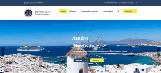 Το Δημοτικό Λιμενικό Ταμείο Μυκόνου ως φορέας διοίκησης και εκμετάλλευσης λιμένων, σας καλωσορίζει στην επίσημη ιστοσελίδα του. Στόχος μας είναι η πληροφόρηση σε θέματα που αφορούν τις λιμενικές ζώνες, τις εγκαταστάσεις των δυο λιμένων και τις παροχές υπηρεσιών μας στους κατοίκους της νήσου Μυκόνου, όπως επίσης και σε όλους τους επισκέπτες μας.
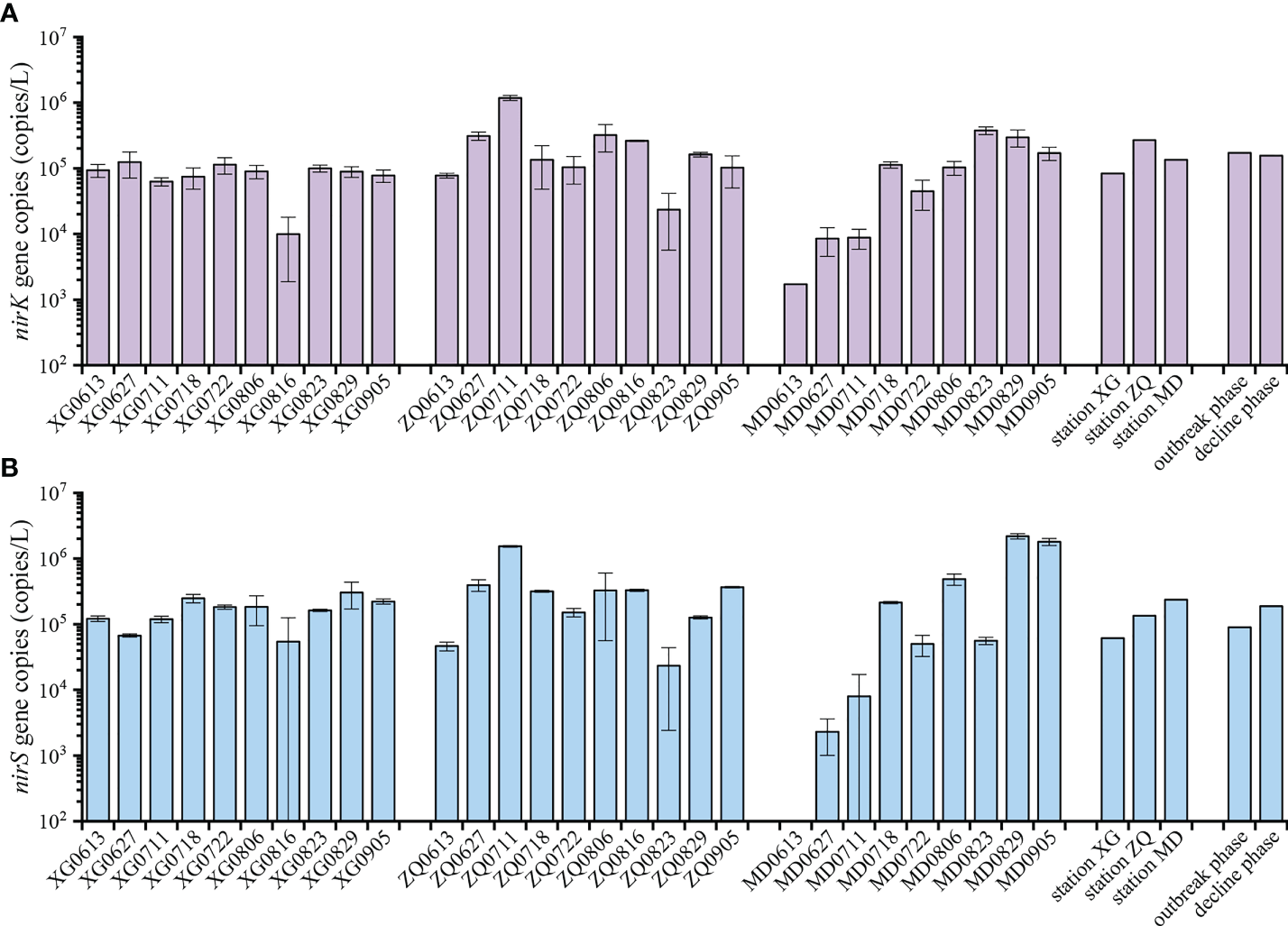 The abundance of the nirK and nirS genes ranged from 1.72×103 to 1.18×106 copies/L and 2.31×103 to 2.19×106 copies/L during the green tide, respectively (Figure 4). The nirK gene was more abundant during the outbreak phase than the decline phase, while the nirS gene exhibited greater abundance during the decline phase, according to our data, but ANOVA analysis revealed no significant difference in the abundance of the nirK and nirS genes between the outbreak phase and the decline phase (P > 0.05). Meanwhile, we discovered that the abundance of the nirK and nirS genes followed a similar pattern across sampling stations, with lower abundance at station XG which was less likely to be influenced by the green tide, and greater abundance at station ZQ and MD which were significantly affected by the green tide. ANOVA analysis revealed that there were no obvious differences in the abundance of the nirK and nirS genes among sampling stations (P > 0.05).
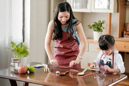 Asian mother and daughter play modeling clay together in kitchen with day light and they look happy. Concept of enjoy with family time of different age of member in their house.
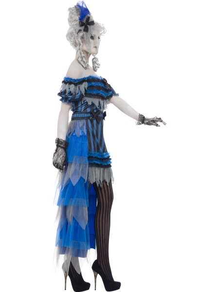 Kostým mrtvé tanečnice se skládá z černo-modrých šatů a zdobené čelenky do vlasů.

++++++++++++++++++++

WHAT IS EXPECTED:
Could you print the data exactly as it appears and keep the pictures out?

OUTPUT BELOW:
 Το Δημοτικό Λιμενικό Ταμείο Μυκόνου ως φορέας διοίκησης και εκμετάλλευσης λιμένων, σας καλωσορίζει στην επίσημη ιστοσελίδα του. Στόχος μας είναι η πληροφόρηση σε θέματα που αφορούν τις λιμενικές ζώνες, τις εγκαταστάσεις των δυο λιμένων και τις παροχές υπηρεσιών μας στους κατοίκους της νήσου Μυκόνου, όπως επίσης και σε όλους τους επισκέπτες μας.
 The abundance of the nirK and nirS genes ranged from 1.72×103 to 1.18×106 copies/L and 2.31×103 to 2.19×106 copies/L during the green tide, respectively (Figure 4). The nirK gene was more abundant during the outbreak phase than the decline phase, while the nirS gene exhibited greater abundance during the decline phase, according to our data, but ANOVA analysis revealed no significant difference in the abundance of the nirK and nirS genes between the outbreak phase and the decline phase (P > 0.05). Meanwhile, we discovered that the abundance of the nirK and nirS genes followed a similar pattern across sampling stations, with lower abundance at station XG which was less likely to be influenced by the green tide, and greater abundance at station ZQ and MD which were significantly affected by the green tide. ANOVA analysis revealed that there were no obvious differences in the abundance of the nirK and nirS genes among sampling stations (P > 0.05).
 Asian mother and daughter play modeling clay together in kitchen with day light and they look happy. Concept of enjoy with family time of different age of member in their house.
 Kostým mrtvé tanečnice se skládá z černo-modrých šatů a zdobené čelenky do vlasů.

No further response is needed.